Descriptive Statistics
• Measures of counts
• Measures of central tendency
• Measures of cardinality: Statistics related to unique values seen in an attribute
• Measures of percentiles
• Measures of dispersion
• Measures of shape: Statistics related to the shape of an attribute's distribution, of significant use to data scientists and model builders. These are also alternatively termed “measures of the moment” when computed for numerical attributes.
Data Quality Checking and Treatment
• Null detection (Row Level & Column Level)
o Treatment options can be the removal of rows with high null columns. For columns with high NULL entries, a common treatment option is to replace the NULLs with specified “central” values (MEAN, MEDIAN, MODE etc.)
• IDness detection: To assess the ratio of the number of unique values seen in an attribute by the number of non-null rows
o Treatment option is the removal of columns with high IDness
• Biasedness detection: To flag a column/attribute if they are biased or skewed towards one specific value.
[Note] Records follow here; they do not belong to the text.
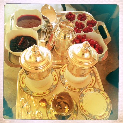 Le chariot des glaces me fascine, il y a là deux grands pots en argent massif, givrés par le froid. Le serveur fait ses quenelles d’une seule main, tant la glace est à température parfaite, souple. Le choix pourrait paraître modeste : une glace à la vanille, un sorbet à la fraise et c’est tout. Mais elles sont servies avec des framboises explosives, et avec des fraises juteuses, juste laquées de confiture, ce qui leur apporte une pointe de gourmandise parfaite.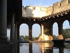 Eine Brücke über den Stadtgraben von Castello de Empuries hinweg. |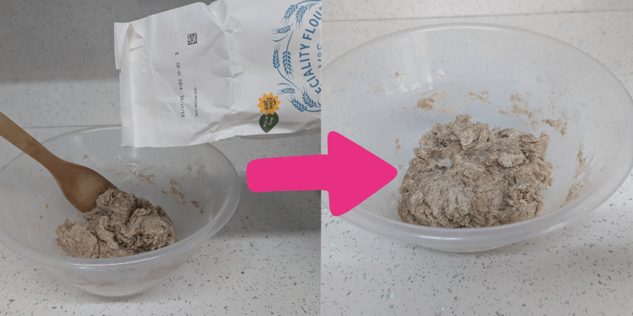 You may need to melt the coconut oil, so we suggest putting it in the microwave (in a safe container) for 30 seconds. Add more flour or oil to the mix where necessary to make sure that the dough is not too sticky.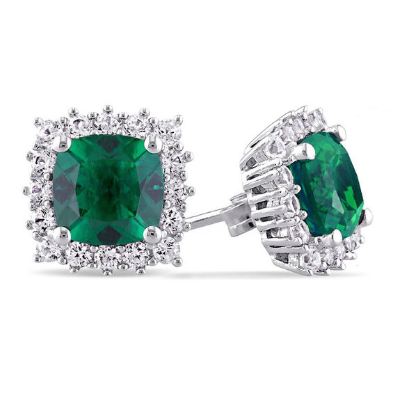 7.0mm Cushion-Cut Lab-Created Emerald and White Sapphire Frame Stud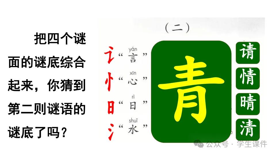 当前位置:首页>课件>PPT课件 识字4.猜字谜 (一年级语文下册)

o Typical treatment option is the removal of columns above a defined bias threshold
• Invalid entries detection: To check for certain suspicious patterns in an attributes’ values
o Typical treatment is the replacement of invalid entries with null values.
Association Evaluation
• Association Matrix: To assess the relationship between attributes, both among independent variables and between an independent and a dependent variable/attribute. We list below methods most used by the data science community to understand such associations
o Correlation Analysis
o Information Value (IV)
o Information Gain (IG)
o Variable Clustering
• Attribute to target association: for both numerical and categorical columns against event rate
Data Transformation
This is required for pre-processing and cleaning to prepare the data in a manner suitable to be used for downstream modeling and prediction purposes.
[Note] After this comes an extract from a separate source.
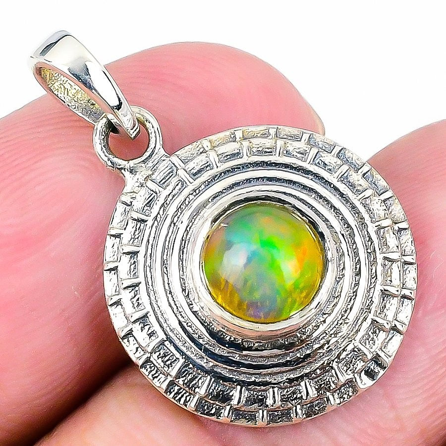 Ethiopian Opal Stone Sterling Silver Sister Art Deco Artisan Anniversary Pendant

o Data cleaning (Some of the data cleaning options are detailed under the Data
Quality Checking and Treatment list)
o Targeted transformations: An attribute can be subjected to different transformations to make the feature meaningful and predictive. Some examples are attribute binning, monotonic binning, standardization, normalization, imputation, dimension deduction etc.
Drift and Stability Measurement
o Data Drift Statistic: Metric that measures drift with respect to a benchmark
o Data Stability Index: Metric indicating how likely an attribute will drift over time
We believe the above capabilities, bundled in one toolkit, would satisfy the majority of the needs of a majority of data scientists.
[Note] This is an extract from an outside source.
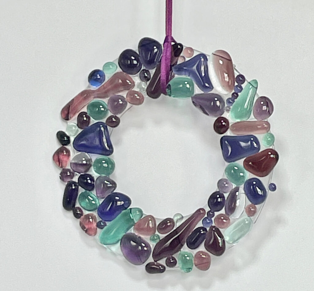 After a 36 year career in Local Government Sally thought it was time to try something new. She loves to be creative and wanted to do something that would combine her creativity with her geeky technical side. Sally has always loved glass, particularly the reflections you get from the sun shining through garden art and after attending a couple of basic glass fusing courses she bought her first kiln in 2019. There are so many things to make, different techniques to learn, firing schedules to understand – the possibilities for experimentation are endless. Sally loves teaching workshops, they are always relaxed and fun and she encourages everyone to come up with their own designs. She particularly enjoys working with people who say they are not artistic or creative because they always surprise themselves by creating something beautiful.

Anovos: An analytic toolkit for the data science and ML community
Today, Anovos offers a comprehensive analytical toolkit for data scientists, enabling deep data analysis and stable feature creation, via better data health checks, comprehensive metric tools and drift and stability analysis. By rethinking ingestion and transformation, and including deeper analytics, drift identification, and stability analysis, Anovos improves productivity and helps data scientists build more resilient, higher performing models.
Our goal is to continue to enhance Anovos to create a near-automated data pipeline from ingestion through feature engineering (see the roadmap). Today, Anovos includes all the analytics identified above in a single package. We use it every day in our data science and modeling tasks and have not only improved productivity, but also the resilience of the eventual production models.